O ministro da Fazenda, Fernando Haddad, deixará o governo Lula nesta semana para concorrer ao governo de São Paulo pelo PT nas eleições de outubro de 2026. Haddad assumiu o cargo em janeiro de 2023 e, durante sua gestão, destacou-se pela reforma tributária sobre o consumo e pela criação do arcabouço fiscal.
A reforma tributária, aprovada após três décadas de discussões no Congresso Nacional, busca unificar tributos e simplificar a cobrança de impostos, sem alterar a carga tributária total. O arcabouço fiscal, por sua vez, foi implementado para reorganizar as contas públicas e substituir o teto de gastos.
Durante sua gestão, os principais indicadores econômicos mostraram melhora. O PIB cresceu acima do esperado, o desemprego recuou a níveis recordes e a renda avançou, mesmo em um cenário de juros elevados e inflação controlada. No entanto, Haddad enfrentou dificuldades para consolidar sua credibilidade, inicialmente visto com receio pelo mercado financeiro.
Embora tenha conquistado confiança, Haddad lidou com resistências dentro do governo que limitaram sua agenda. Medidas de corte de gastos foram neutralizadas por prioridades do presidente Lula, como a regra de reajuste real do salário mínimo. Assim, a estratégia de Haddad se apoiou mais no aumento da arrecadação do que na redução de despesas.
Apesar do aumento das receitas, o país não conseguiu zerar o déficit público, e o endividamento continua a ser uma preocupação para agentes do mercado. Especialistas afirmam que Haddad deixa o cargo com demonstrações de capacidade técnica, mas sua atuação foi marcada por limitações impostas pelo Palácio do Planalto.
““Comparado ao que era necessário e ao que ainda precisará ser feito a partir de 2027, a avaliação não é positiva. Por outro lado, considerando todas as pressões que sofreu, fez o melhor possível e conteve ao máximo o aumento de gastos”, disse Henrique Meirelles, ex-ministro da Fazenda.”

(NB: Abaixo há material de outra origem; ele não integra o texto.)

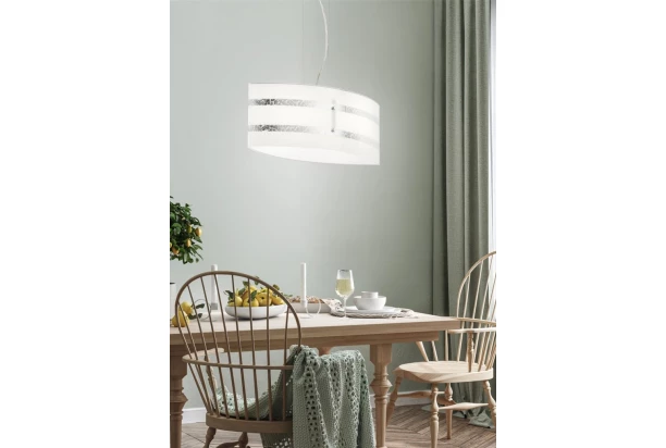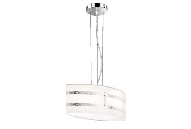 Elegantní stropní lampa se skleněným stínidlem, které má dekorativní stříbrné pruhy se záměrnými stopami po roztržení. Skvěle se hodí do kuchyně nebo jídelny.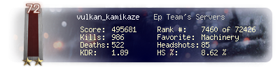 | Headshots | 85 | Suicides | 35 | Headshot / Kill | 8.59 % |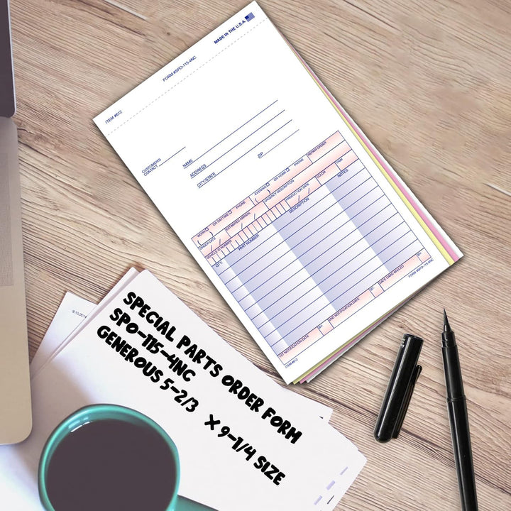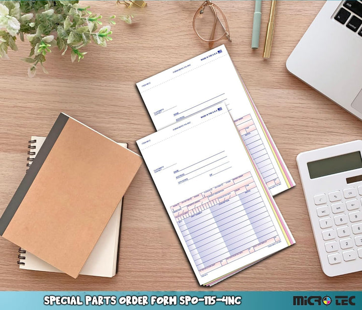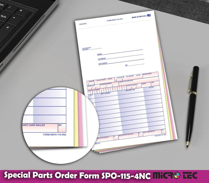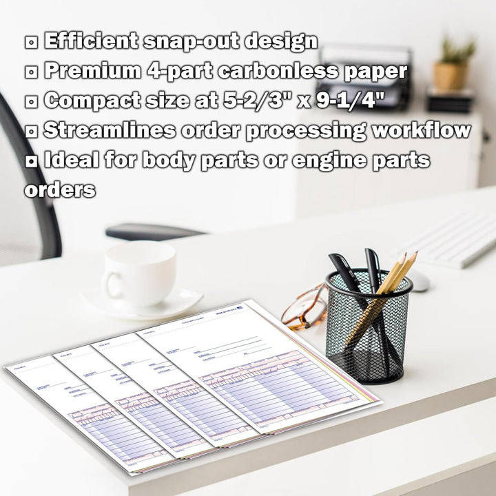 Special Parts Order Forms (SPO-115-4NC) – 4-Part Carbonless Snap-Out Auto Parts Order Forms with Customer Message Section & Postcard Mailer – 5-2/3" × 9-1/4" Multi-Colored Copies – Bulk Pack of 100

Felipe Salto, economista-chefe da Warren Investimentos, também elogiou a gestão de Haddad, afirmando que ele conseguiu segurar as rédeas em um contexto adverso, evitando que o país caminhasse para a insolvência.
Haddad herdou problemas da gestão anterior, como o impasse dos precatórios e a compensação aos estados pela Lei Kandir. A aprovação do arcabouço fiscal foi bem recebida inicialmente, mas perdeu credibilidade com a exclusão de determinados gastos da regra.

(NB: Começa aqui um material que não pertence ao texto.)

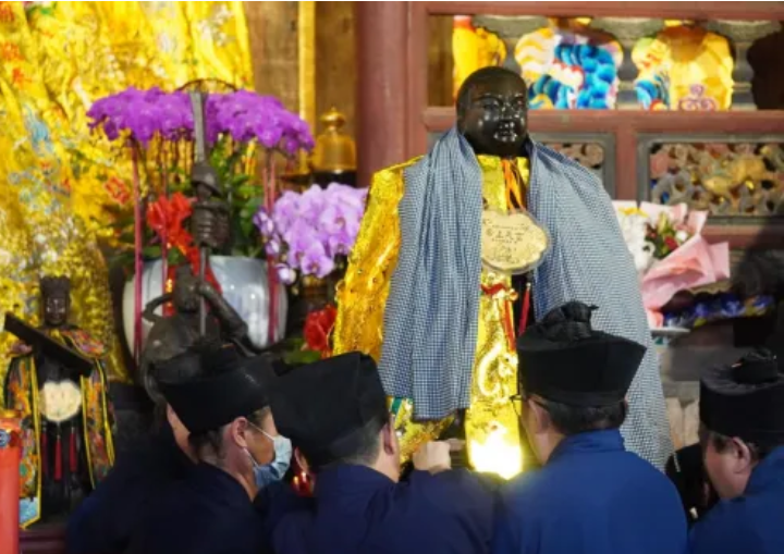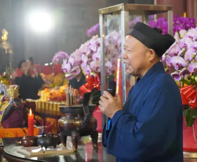 9月29日上午,武当山紫霄宫张灯结彩,玄帝神尊回銮安座仪式在此举行。刘文国会长率仪仗队迎神尊入殿、安奉于原位,闽台各宫观代表依次行铭香、鲜花、明灯、净水、鲜果呈敬之礼,虔诚礼拜。刘文国表示,神尊巡安功德圆满、紫霄大殿修缮重现灵光,既是道脉传承盛事,更是“华夏同根、两岸一家”的生动体现,呼吁广大信众深化两岸道脉联结,让玄帝圣德光耀千秋。
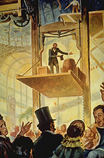 Elisha Graves Otis bemutatja biztonsági felvonóját a New Yorki Crystal Palace-ban 1854-ben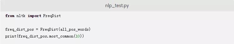 现在您已经编译了推文示例中的所有单词,您可以使用NLTK的FreqDist类找出最常见的单词。将以下代码添加到nlp_test.py文件中: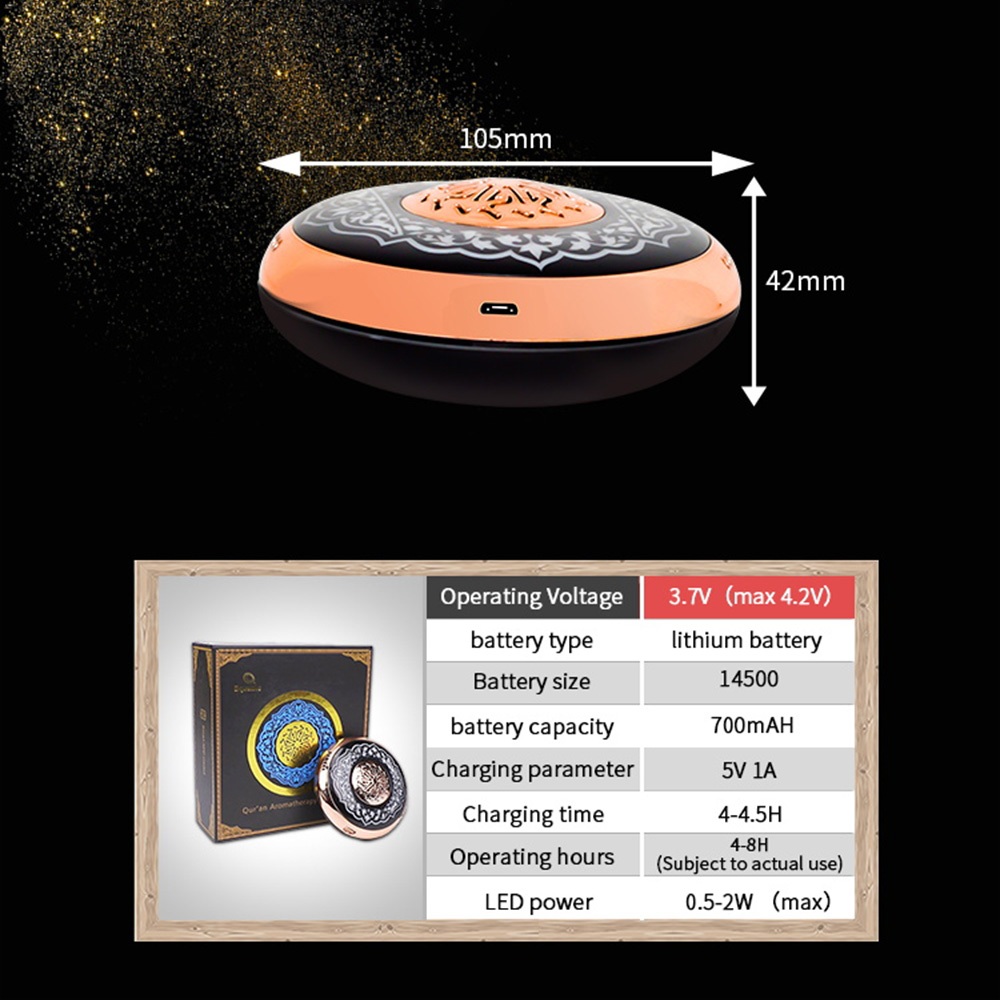Contient entre autres une traduction Audio du Coran, Traduction Verset par Verset, Traduction mot par mot, Explication Audio Complète, Radio FM, Lecteur Mp3, Selection Rapide De lecture du Coran et une Télécommande rechargeable.

Os indicadores econômicos e sociais mostraram resultados positivos, com a redução do desemprego e o aumento do rendimento médio da população. A isenção de Imposto de Renda para quem ganha até R$ 5 mil por mês, válida a partir de 2026, é considerada uma vitória da gestão no campo social.
Desde o início do mandato, Haddad defendeu medidas para aumentar a tributação da alta renda, incluindo a taxação de fundos exclusivos e a proposta de tributação de lucros e dividendos, que ainda enfrenta resistência no Legislativo.